Political Equator 3 is a 2-day cross-border mobile conference held on 
the 3rd and 4th of June 2011. This event is co-organized by the Center 
for Urban Ecologies at the Visual Arts Department at UCSD, and two 
community-based, non-profit organizations on both sides of the border, 
Casa Familiar in San Ysidro, California and Alter Terra in Tijuana, Baja 
California, Mexico.

The third program in a the series of bi-national conferences, PE3 
continues to engage pressing regional socio-economic, urban and 
environmental conditions across the San Diego –Tijuana border. These 
meetings have been focusing on a critical analysis of local conflicts in 
order to re-evaluate the meaning of shifting global dynamics, across 
geo-political boundaries, natural resources and marginal communities.

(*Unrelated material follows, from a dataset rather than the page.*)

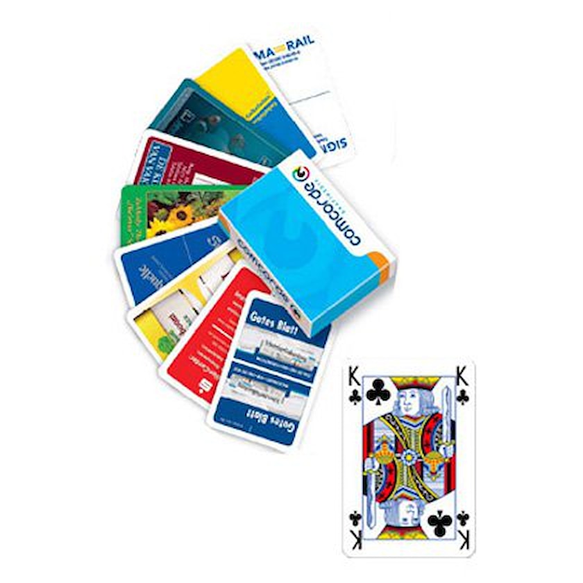 Jeu de carte avec boîte. Le jeu de carte possède une taille bridge et des figures internationales. Le message publicitaire est imprimé sur la face arrière. Livré emballé dans une boîte en papier.

Following the format of previous Political Equator meetings, PE3 is a 
nomadic event, an itinerant conversation traversing the border landscape 
itself bringing participants to the actual sites of conflict. This time, 
the participants will oscillate between two marginal neighborhoods on 
both sides of the border known as creative urban laboratories for 
re-imagining the border region, San Ysidro in the US and Los Laureles 
Canyon in Mexico.

PE3 will unfold through a series of performances and public walks that 
will traverse these conflicting territories enabling debates and 
conversations at different stations, including an unprecedented public 
border-crossing-performance through a large pipe under Home Land 
security that will allow the participants to cross the border from a 
protected Estuary on the US side into an informal settlement in Tijuana 
that collides with the border wall on the Mexican side.

Attracting an international roster of artists, architects, 
environmentalists, scholars, community activists and politicians, PE3 
will focus on The Neighborhood as a Site of Production, investigating 
practices in the arts, architecture, science and the humanities that 
work with peripheral neighborhoods worldwide where conditions of social 
and economic emergency are inspiring new ways of thinking and doing 
across institutions of urban development and public culture.